WHAT IS REQUIRED: When you repeat the material, keep each line exact and omit the pictures.

SUPPLIED DATA:
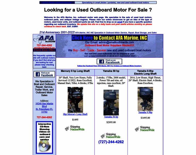 AFA Marine used outboards for sale. Specializing in 2 and 4-stroke used outboard motors & parts such as Johnson, Yamaha, Evinrude and Mercury Outboards
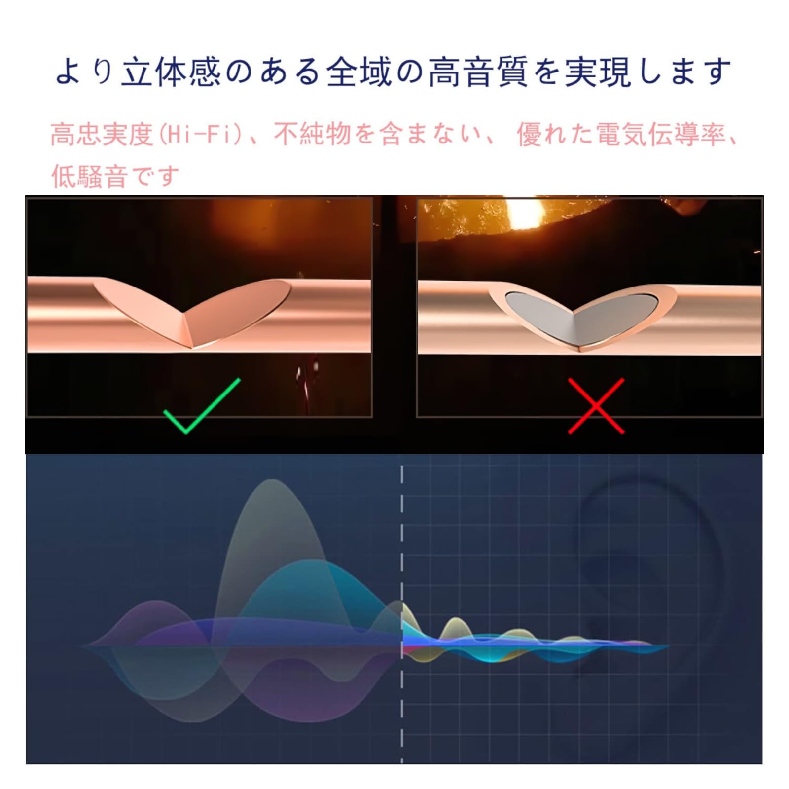 【高品質】高純度無酸素銅線を採用し、高速で安定した信号と素晴らしい音質をします。また、柔らかく断線しにくく、滑り止め、耐油性、耐腐食性に優れています
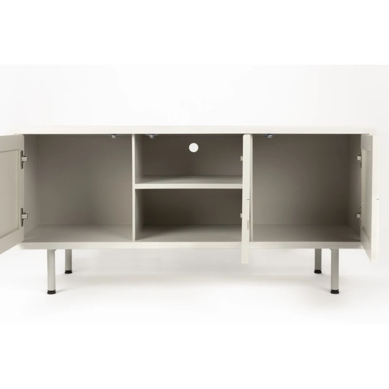 - Rangement optimisé : ses trois portes offrent un accès à quatre niches idéales pour organiser vaisselle, objets déco ou appareils électroniques.
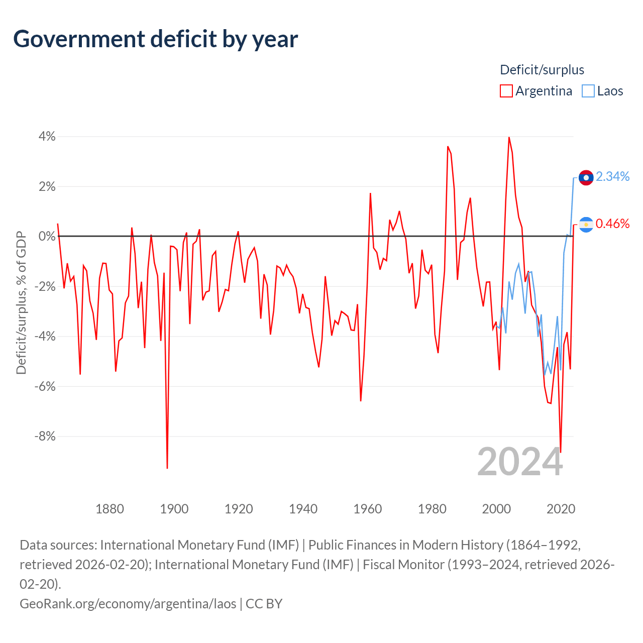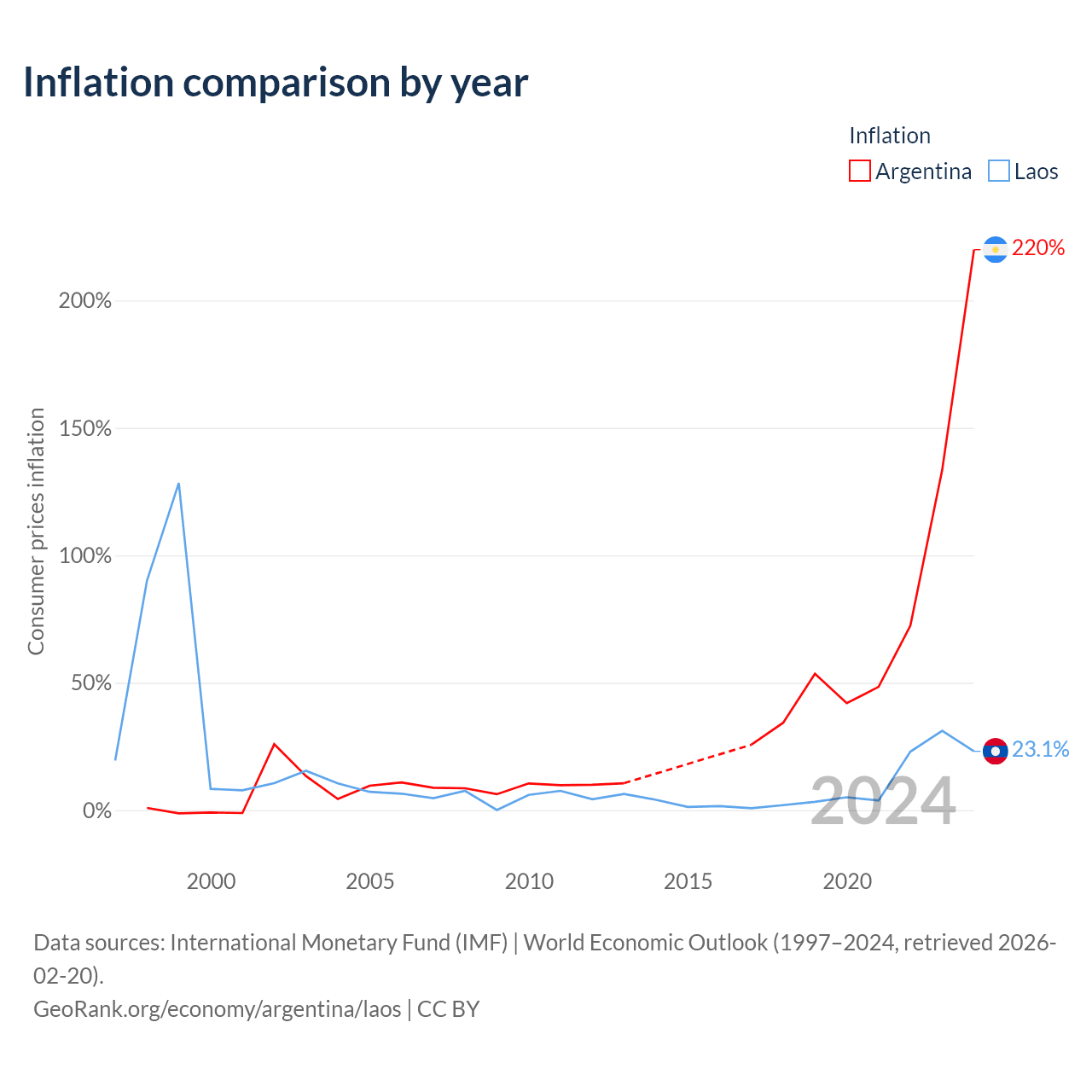 Argentina has a GDP of $638B compared to $16.5B for Laos, ranking 24/197 and 139/197 by economy size, respectively.

ANSWER SPACE:
 AFA Marine used outboards for sale. Specializing in 2 and 4-stroke used outboard motors & parts such as Johnson, Yamaha, Evinrude and Mercury Outboards
 【高品質】高純度無酸素銅線を採用し、高速で安定した信号と素晴らしい音質をします。また、柔らかく断線しにくく、滑り止め、耐油性、耐腐食性に優れています
 - Rangement optimisé : ses trois portes offrent un accès à quatre niches idéales pour organiser vaisselle, objets déco ou appareils électroniques.
 Argentina has a GDP of $638B compared to $16.5B for Laos, ranking 24/197 and 139/197 by economy size, respectively.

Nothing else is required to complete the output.